Больше всего меня поразили ее глаза. Большие голубые глаза, а запали внутрь. Это были красивые глаза, но они, казалось, ничего не видели уже. Страшные красивые глаза... Они врезались в память на всю жизнь. Она опрашивала всех, кто принимал участие в том бою. Каждого солдата, прапорщика, офицера. Но никто не мог ей помочь. Мы хотели помочь, но не могли. Нельзя было ее отпускать обратно вот так, самостоятельно; начальник штаба Сан Саныч поехал на Ханкалу, на совещание, сделал крюк и оставил девушку в аэропорту Северный. После этого никто ее не видел, и про Алексеева я больше не вспоминал. А вот сейчас, под воздействием водки и воспоминаний, я спросил у Виктора:
- Витя, а помнишь, боец у вас был Алексеев Сергей? - Алексеев? - я удивился перемене настроения Виктора, он отшатнулся от меня как от сатаны. - Ты чего? - Так, ничего. Наливай! А что ты про него вспомнил? - перекрестился. Я рассказал про сестру и ее глаза. - Так, помнишь? И чего так тебя перекосило? - Было дело... Помнишь Ахтурова? - Нет. - Здоровый такой, я с ним в одной машине жил? - По-моему, Семен? - Он. - Ну, помню, и что? Мужик как мужик. И что? - Когда вышли из Грозного вашу бригаду отправили на Запад, а нас - на Юг. Дело было в
апреле. Я был дежурным по части, проверил посты, зашел в кунг выпить чаю. Ночь, часа три, туман, продрог насквозь. Захожу, а Семен не спит. Сидит один и спирт пьет. Один в три часа ночи. На войне рано спать ложатся. А он не спит. Мы с ним начали жить вместе в одном кунге, когда мою машину спалили в Грозном. Водила и напарник у меня был ранен, вот сам и водил свой "ГАЗон". А Семена напарник погиб. Я и переехал к нему. Он странный был, заносчивый очень. Но ничего не поделаешь, по службе я с ним особо не пересекался, так, спали под одной автомобильной крышей, да водку по вечерам пили... А тут он смотрит на меня, и что-то пьяное несет. Мол, он самый крутой, боевик, одним словом... Сам-то в разведку
как-то не рвался, и принимал участие в боях, когда мы были в "котле". Как тогда, у больницы... И вот он начинает хвастаться, что он такой, он весь расписной, а награды его обходят. Ты за награды воевал, Слава? - Нет, конечно. Не думал, что она мне вообще достанется, у нас в бригаде есть и были более достойные. Что дальше-то? - Ну, вот. Слово за слово... Давай выпьем. - Было видно, что Виктору тяжело говорить. - Я возьми и ляпни, что он только в воздух стрелял, чтобы свой страх отогнать. А он и вспомнил про этого Алексеева... Когда духи наш батальон стали окружать, то все пошли на прорыв. И больные, и раненые, и командиры и тыл, одним словом, все. А боец этот молодой, Алексеев, по словам Семена,
зажался в окопчик и не высовывается, прижался к земле и дрожит. Ступор у пацана. - Бывает такое. По себе помню: много раз жалел, что не надел резиновые трусы, с таким бы удовольствие обделался от страха. И страшно было так, что челюсти "SOS" сами выбивали. Ну и что? Не боится только дурак. А пацан молодой. Это в первом бою кажется все нереально, просто как сон, кино, сказка. А потом, когда на своих убитых товарищей поглядишь, на кишки, да ноги оторванные, как-то жить сразу охота. И не хочется из окопчика вылазить. Но вылазишь. Тем паче, что пацаненок-то совсем зеленый был. Ничего удивительного. - Он его убил.

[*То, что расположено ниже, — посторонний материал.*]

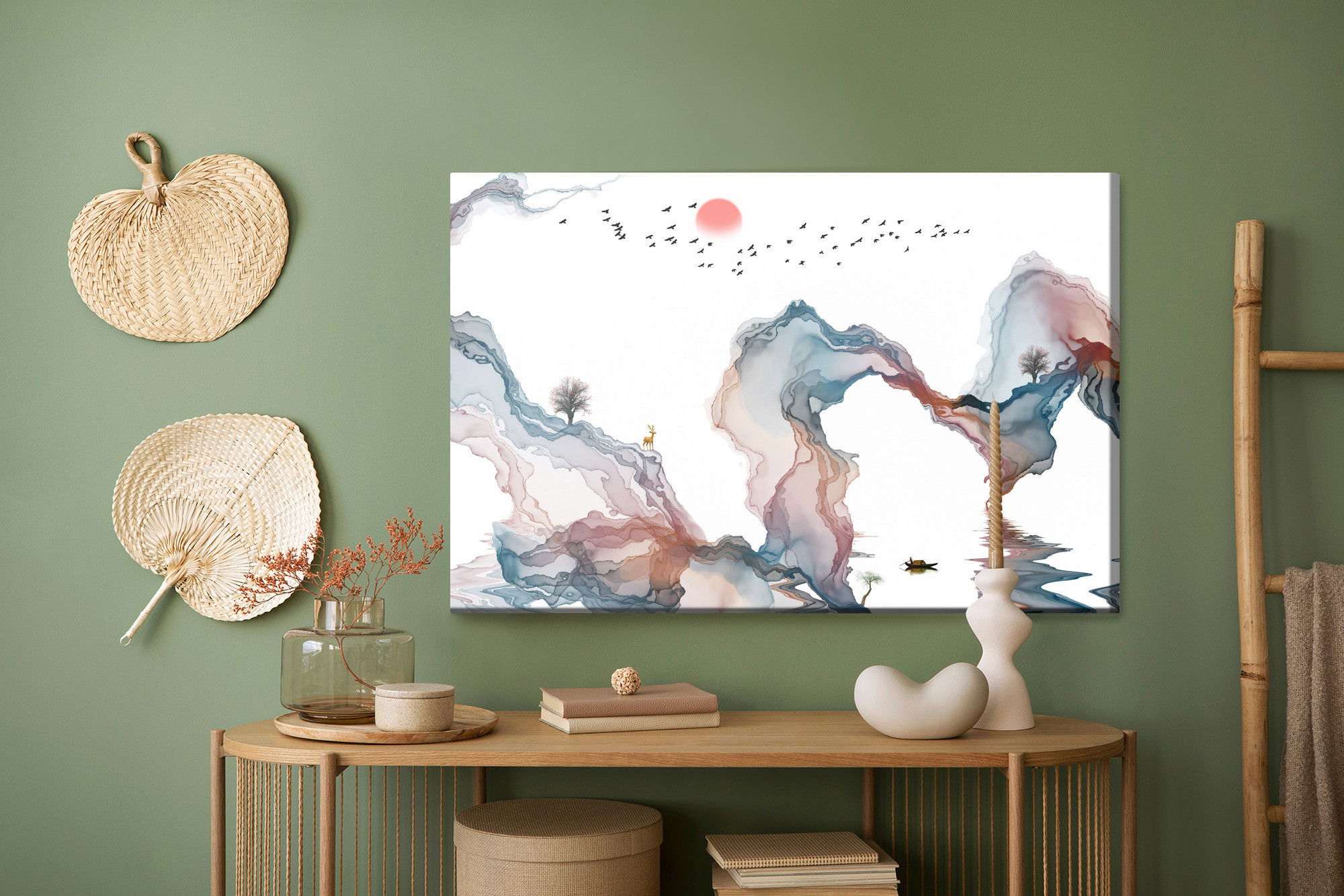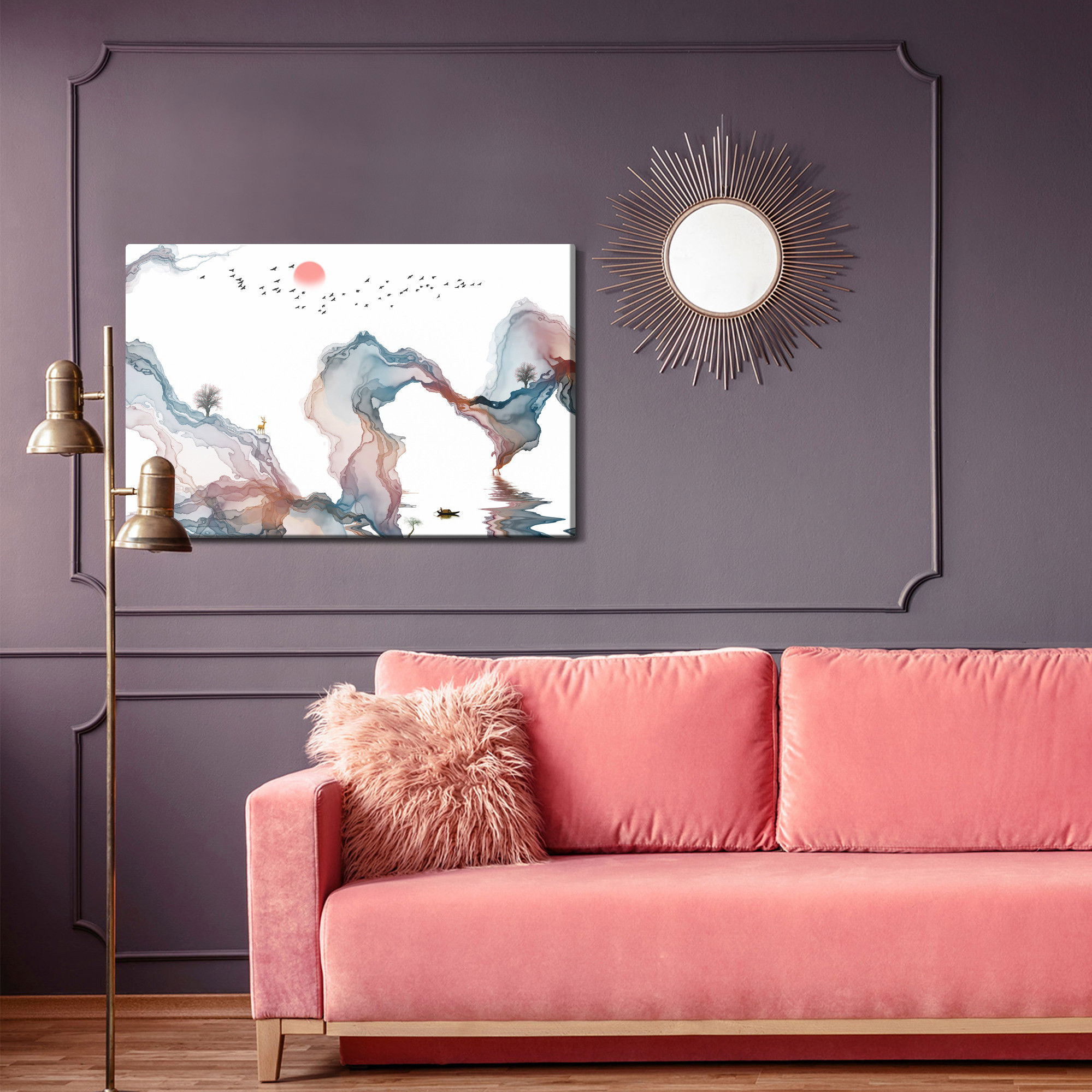 Den akustiskt verksamma konstruktionen hjälper till att minska hårda ekon och skapa en mjukare helhetskänsla i rummet. Den balanserade absorptionen gör att ljudet upplevs mjukare och att rummets akustik förbättras i såväl vardagsrum och kontor som i sovrum och offentliga miljöer. Samtidigt förstärker den högkvalitativa trycktekniken motivets ljus, färger och detaljer, vilket ger en harmonisk känsla i rummet.

- Не понял. - Семен этого Алексеева пытался ногами достать из окопа, а тот встал и рванул в сторону каких-то руин. Тот ему полмагазина в спину и всадил. Потом тело спрятал в руинах... - Блядь! Козел! - я грохнул кулаком по столу. - Пацана сопливого... Блядь! - Я был в ярости. Был бы этот герой-боевик, который застрелил молодого своего солдата здесь сейчас - задушил бы собственными руками. - Ну, а ты? Ты что сделал с этим гадом? - спросил я у Виктора. - Я? - Да, ты! - У меня автомат висел на плече, предохранитель вниз, и очередь... - По нему? - По нему, - кивнул Виктор, понурив голову.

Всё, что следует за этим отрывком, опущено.